Note that if $A$ is finite, then by the above result applied to
$g:B\rightarrow A$, $B$ is finite; likewise if $B$ is finite, then
by the above result applied to $f:A\rightarrow B$, $A$ is finite, so
from the premise that at least one of these two sets is finite, we
may conclude that both are.
Now, by injectivity of $f$, it follows that $|A|\leq |B|$, and by
injectivity of $g$, it follows that $|B|\leq |A|$. Thus $|A|=|B|$;
let us denote the size of $A$ by $n$, so that $|A|=|B|=n$. Then we
may assign names to the $n$ distinct elements of $A$ and $B$ as
such: let $A=\{a_1,a_2,\ldots,a_n\}$ and $B=\{b_1,b_2,\ldots,b_n\}$,
and now we can build a bijection by simply letting $h(a_i)=b_i$ for
each $i$ in $1,2,\ldots, n$. This is clearly injective, since if
$i\neq j$, then $a_i\neq a_j$ and $b_i\neq b_j$; likewise it is
surjective, since for each $b_i\in B$, we have that $f(a_i)=b_i$.
\end{proof}
Of course, for infinite sets, we have no such convenient notion of
``size'', and even the idea that we could label the elements of $A$
and $B$ in order turns out to be subtly flawed. So we must be much
more careful in our actual proof. The following proof is based on
K\"onig's argument; the previous proofs were more technical and used
some unusual set-theoretical axioms.
\section{The Zig-Zag Sequence and Partition of $A$}
One key mechanism we will use is what might be called a ``zig-zag
sequence'' built from the given injections $f:A\rightarrow B$ and
$g:A\rightarrow A$. We will construct sequences which partition $A$
and $B$, and on each part of this partition we'll build a bijection.
Let us consider some $a\in A$. In one direction, it is clear that we
can trace the process of repeated applications of $f$ and $g$ to this
element of $A$, and build a sequence of alternating elements from $A$
and $B$ in such a manner:
$$a,f(a),g(f(a)),f(g(f(a))),g(f(g(f(a)))),\ldots,(g\circ f)^n(a),(f\circ(g\circ f)^n)(a),(g\circ f)^{n+1}(a),\ldots$$
and we could continue this process indefinitely (although not every
element of the sequence is guaranteed to be distinct).

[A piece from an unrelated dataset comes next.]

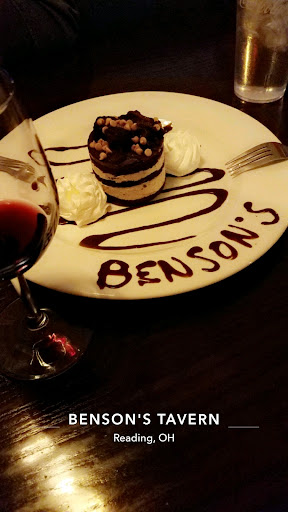 The food was SO GOOD!!! We started off with the West Benson St. Sampler: Reuben Rolls, Potato Skins and Mac & Cheese Balls. This comes with three complimentary sauces. Delicious!!! For the meal, we each tried something different and shared a bite of each, so that we all got a taste. Two burgers: 1 Up Burger with mushrooms, onions and melted Swiss cheese. (It was a 3 napkin sandwich.) Side of sauteed vegetable which were of perfect tenderness. Second burger was the Benson's Tavern Burger with a side of mashed potatoes. Fish 'N Chips with Fries: It was perfectly deep fried to extra crispy on the outside and hot/tender inside. A favorite to everyone's sampling taste-buds was the Benson's Country Bowl. It is "comfort food plus"!!! It's a bowl of mashed potatoes (a large portion), which are delicious on their own, topped with three deep-fried chicken strips, gravy, corn and Cheddar Jack cheese. The pleasure of the flavor, as soon as it hits the tongue, creates an immediate response of, "Oh my gosh, I should have ordered that!"

We'd like to also step \emph{backwards} from $a$; we shall see why this
is useful as we analyze each individual sequence. Here we need to be
careful: there is no good reason to believe there is any $b$ such that
$g(b)=a$! But we will build inverse functions and be extremely careful
about their application. $f:A\rightarrow B$ and $g:B\rightarrow A$,
which may not be surjective, are not guaranteed to have inverses;
however, by restricting their codomain, we can frame the same set of
ordered pairs in a surjective \emph{context}: let's define $A'$ and
$B'$ to be the images of $g$ and $f$ respectively; then if we consider
the reframing of the same functions as $f:A\rightarrow B'$ and
$g:B\rightarrow A'$, their codomains are definitionally equal to their
images so they are surejctive, and we can assert the existence of
inverses $f^{-1}:B'\rightarrow A$ and $g^{-1}:A'\rightarrow B$.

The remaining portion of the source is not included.